KOCHI: In a fast moving world that is defined by relentless digital distraction, Amarnath Sankar’s ‘Pause, Breathe, Grateful!’ offers a crucial counter-movement rooted in stillness and attention.
The book grew out of his #365daysofGratitude project, where he recorded one thing he was grateful for every day for a year, earning a spot in the India Book of Records.
From that long archive, Sankar has chosen 100 stories — short notes, actually — that masterfully demonstrate how small moments can shift the way we think and feel.
The range is wide and intentionally varied: one page might touch upon Carl Sagan’s cosmic perspective, and the next might celebrate something as simple as a comforting bowl of rasam.
These entries draw from people he met, small incidents, practices picked up during difficult periods, or references from history and books, appearing seamlessly alongside everyday things like food, travel, work, or childhood experiences. The book encourages the reader to see how gratitude can be expressed to anything, anywhere, anytime.
The writing stays simple and direct throughout, often just a page or two. Sankar is not aiming for heavy philosophy or elaborate prose. The tone is conversational, like someone noting down what they learned before going to bed.
This simplicity is the book’s strength, successfully lowering the barrier for readers who want to start a gratitude practice but don’t know where to begin. The book also includes self-reflection prompts, making it easy to use as a daily or weekly practice.

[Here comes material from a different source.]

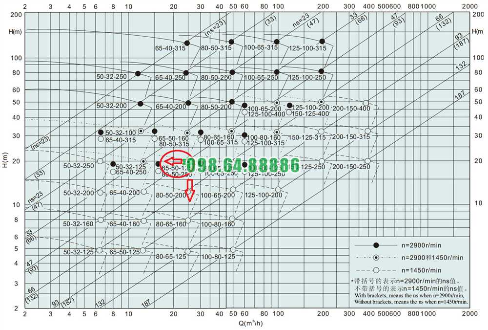 Đường cong hiệu suất của máy bơm nước li tâm trục ngang cánh hở IHK65-50-125

This straightforward tone, paired with the small scale of each entry, makes the book accessible even to readers who don’t usually gravitate toward self-help or mindfulness. It doesn’t claim to offer solutions; it simply gathers instances where Sankar found clarity, steadiness, or a shift in perspective.

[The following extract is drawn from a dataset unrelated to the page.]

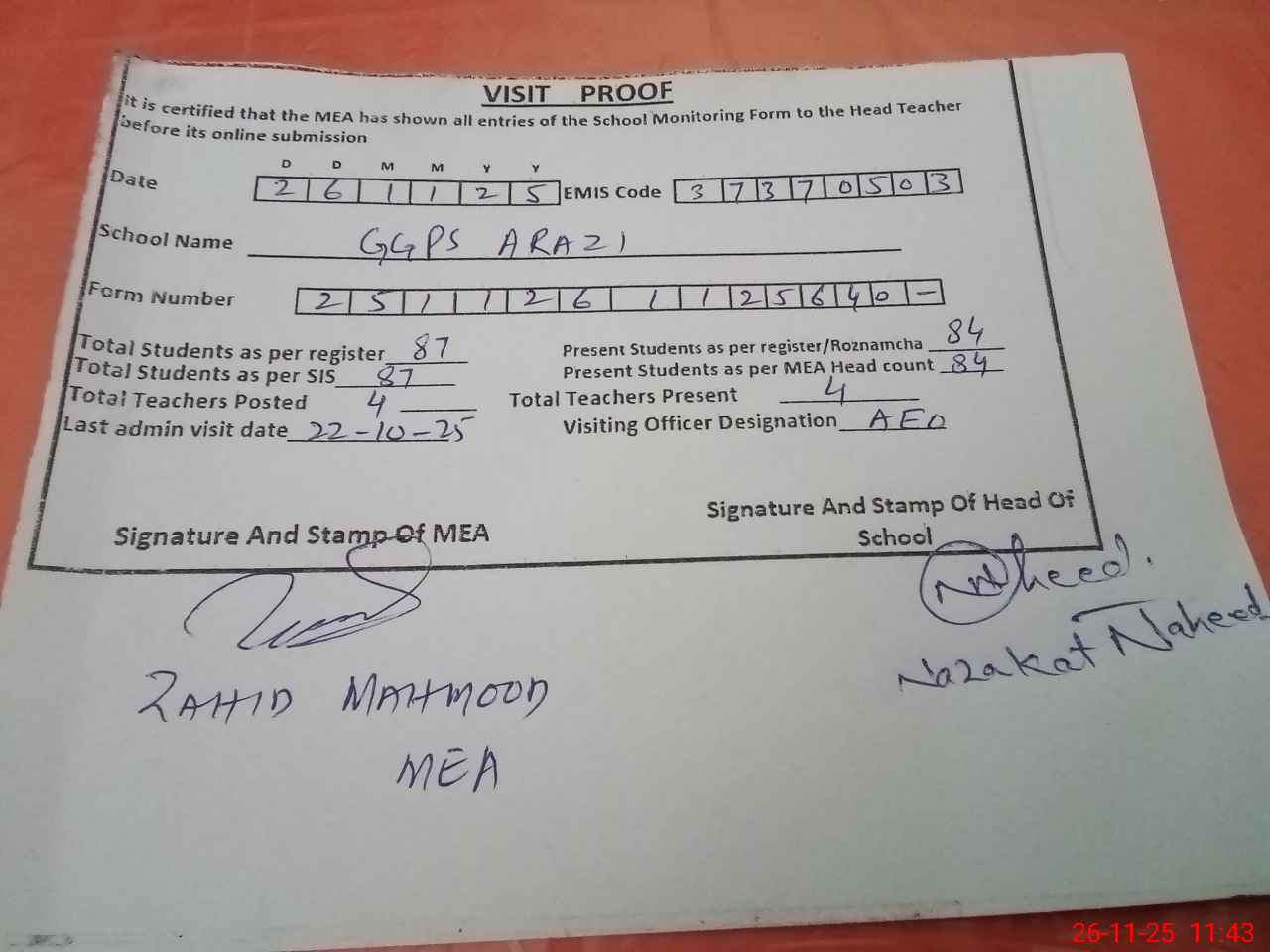 | Attendance Register | Head Teacher | MEA with School | Visit Proof |

At the heart of the book is a line that reflects its overall purpose: “Today, I am grateful for this beautiful, poetic, mystical idea of being in the flow.”
It is only as you move deeper into the book that certain reflections stand out in the way they reinterpret everyday ideas. One entry takes the idea of vanilla as plain or ordinary and flips it — showing how a flavour he has loved all his life represents steadiness, comfort, and the value of simple preferences.

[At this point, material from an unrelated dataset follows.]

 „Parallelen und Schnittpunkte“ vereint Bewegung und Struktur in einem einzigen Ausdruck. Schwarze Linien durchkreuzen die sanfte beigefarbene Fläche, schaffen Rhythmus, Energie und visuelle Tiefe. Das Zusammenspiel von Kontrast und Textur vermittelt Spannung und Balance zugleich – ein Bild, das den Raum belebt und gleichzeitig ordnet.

Another one looks at the trillions of bacteria in the gut microbiome, recognising how these unseen systems maintain the body’s balance and even influence emotion and intuition.
Each one tries to make the reader pause for a moment and look at something familiar with a little more clarity.
‘Pause, Breathe, Grateful!’ works best if you read it slowly, and without expecting big revelations. It’s a reminder-driven book, gently nudging readers to pay attention to what they already have, whether it’s a cosmic idea or something as ordinary as a familiar meal.
The book is currently available on Amazon and Flipkart, priced at Rs 399.